The task
From the data below, set down exactly the lines between the one holding "An ihm wurden" and the one holding "A contemporary ceiling", inclusive, and no others.

Materials provided
|---|

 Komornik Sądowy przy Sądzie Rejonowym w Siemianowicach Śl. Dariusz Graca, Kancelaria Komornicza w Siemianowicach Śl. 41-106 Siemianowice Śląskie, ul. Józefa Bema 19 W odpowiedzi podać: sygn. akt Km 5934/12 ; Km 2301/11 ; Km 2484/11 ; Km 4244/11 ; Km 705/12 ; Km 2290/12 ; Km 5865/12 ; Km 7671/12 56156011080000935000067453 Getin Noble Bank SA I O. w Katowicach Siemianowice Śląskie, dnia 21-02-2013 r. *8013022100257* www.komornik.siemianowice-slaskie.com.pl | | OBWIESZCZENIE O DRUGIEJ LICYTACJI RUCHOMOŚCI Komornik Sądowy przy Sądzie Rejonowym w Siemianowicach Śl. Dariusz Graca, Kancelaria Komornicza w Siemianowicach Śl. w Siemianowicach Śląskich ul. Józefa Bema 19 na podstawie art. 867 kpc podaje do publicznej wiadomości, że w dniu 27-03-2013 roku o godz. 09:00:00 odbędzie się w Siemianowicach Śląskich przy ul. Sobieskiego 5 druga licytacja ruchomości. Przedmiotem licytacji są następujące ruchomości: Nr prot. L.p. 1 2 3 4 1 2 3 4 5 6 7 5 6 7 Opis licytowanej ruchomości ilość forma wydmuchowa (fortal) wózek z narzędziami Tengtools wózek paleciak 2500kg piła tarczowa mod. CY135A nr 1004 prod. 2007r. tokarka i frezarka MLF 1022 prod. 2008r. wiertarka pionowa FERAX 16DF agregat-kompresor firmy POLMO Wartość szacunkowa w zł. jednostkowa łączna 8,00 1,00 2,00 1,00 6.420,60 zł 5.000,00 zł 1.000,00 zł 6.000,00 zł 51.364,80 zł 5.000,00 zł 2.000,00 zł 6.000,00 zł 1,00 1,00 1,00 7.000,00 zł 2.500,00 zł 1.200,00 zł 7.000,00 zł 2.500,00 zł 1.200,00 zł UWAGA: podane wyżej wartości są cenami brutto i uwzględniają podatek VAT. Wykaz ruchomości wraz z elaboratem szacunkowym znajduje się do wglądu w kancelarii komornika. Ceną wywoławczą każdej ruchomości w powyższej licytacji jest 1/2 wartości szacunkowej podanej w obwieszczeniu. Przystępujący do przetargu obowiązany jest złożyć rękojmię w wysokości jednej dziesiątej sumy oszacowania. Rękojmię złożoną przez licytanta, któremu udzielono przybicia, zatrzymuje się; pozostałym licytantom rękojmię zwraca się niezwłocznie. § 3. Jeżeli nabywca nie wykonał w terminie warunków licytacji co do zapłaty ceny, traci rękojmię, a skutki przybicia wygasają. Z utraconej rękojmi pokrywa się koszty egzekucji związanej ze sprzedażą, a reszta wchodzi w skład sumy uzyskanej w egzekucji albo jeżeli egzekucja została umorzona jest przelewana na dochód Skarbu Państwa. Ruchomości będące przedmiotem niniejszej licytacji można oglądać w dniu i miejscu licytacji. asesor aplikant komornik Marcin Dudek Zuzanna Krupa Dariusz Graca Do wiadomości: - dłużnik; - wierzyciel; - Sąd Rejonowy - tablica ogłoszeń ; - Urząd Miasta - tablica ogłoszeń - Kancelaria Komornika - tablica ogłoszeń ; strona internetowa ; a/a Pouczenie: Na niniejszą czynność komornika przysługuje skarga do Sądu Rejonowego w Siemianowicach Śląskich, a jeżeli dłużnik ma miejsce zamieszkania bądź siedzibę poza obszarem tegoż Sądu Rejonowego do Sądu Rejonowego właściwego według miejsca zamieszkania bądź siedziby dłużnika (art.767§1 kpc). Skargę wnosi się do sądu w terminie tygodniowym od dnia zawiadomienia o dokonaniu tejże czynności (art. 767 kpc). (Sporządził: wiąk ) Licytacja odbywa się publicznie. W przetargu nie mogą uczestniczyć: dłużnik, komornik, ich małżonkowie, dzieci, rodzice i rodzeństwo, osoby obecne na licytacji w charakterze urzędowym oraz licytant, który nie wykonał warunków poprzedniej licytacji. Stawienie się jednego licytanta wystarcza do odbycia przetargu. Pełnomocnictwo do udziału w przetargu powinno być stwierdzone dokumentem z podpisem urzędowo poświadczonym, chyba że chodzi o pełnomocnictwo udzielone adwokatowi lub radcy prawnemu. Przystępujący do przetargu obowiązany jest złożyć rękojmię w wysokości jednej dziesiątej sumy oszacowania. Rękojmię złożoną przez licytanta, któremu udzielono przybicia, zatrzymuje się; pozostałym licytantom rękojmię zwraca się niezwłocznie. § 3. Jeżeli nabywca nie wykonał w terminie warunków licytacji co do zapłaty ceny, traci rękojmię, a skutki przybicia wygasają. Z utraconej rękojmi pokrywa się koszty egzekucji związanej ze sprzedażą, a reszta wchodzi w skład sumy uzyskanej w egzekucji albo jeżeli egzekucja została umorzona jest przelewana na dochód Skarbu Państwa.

|---|

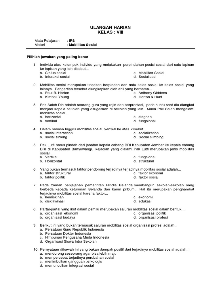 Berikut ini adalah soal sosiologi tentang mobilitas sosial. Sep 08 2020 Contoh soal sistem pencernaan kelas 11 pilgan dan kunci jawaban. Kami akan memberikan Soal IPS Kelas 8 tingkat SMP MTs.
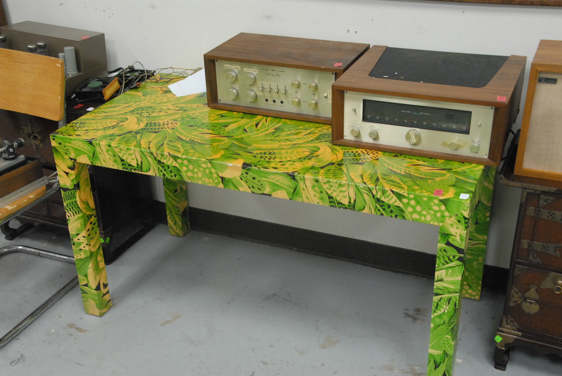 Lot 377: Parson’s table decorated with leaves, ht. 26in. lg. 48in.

|---|

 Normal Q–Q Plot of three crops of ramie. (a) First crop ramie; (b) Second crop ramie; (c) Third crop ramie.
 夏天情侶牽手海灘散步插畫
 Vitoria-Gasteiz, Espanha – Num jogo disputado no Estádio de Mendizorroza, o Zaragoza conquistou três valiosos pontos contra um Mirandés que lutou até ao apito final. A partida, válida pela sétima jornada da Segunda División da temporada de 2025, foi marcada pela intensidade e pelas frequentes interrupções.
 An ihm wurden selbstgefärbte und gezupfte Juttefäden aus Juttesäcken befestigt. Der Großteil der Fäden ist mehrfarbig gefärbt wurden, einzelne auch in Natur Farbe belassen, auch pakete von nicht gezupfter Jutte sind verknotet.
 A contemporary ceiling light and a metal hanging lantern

|---|

Response to the task
 An ihm wurden selbstgefärbte und gezupfte Juttefäden aus Juttesäcken befestigt. Der Großteil der Fäden ist mehrfarbig gefärbt wurden, einzelne auch in Natur Farbe belassen, auch pakete von nicht gezupfter Jutte sind verknotet.
 A contemporary ceiling light and a metal hanging lantern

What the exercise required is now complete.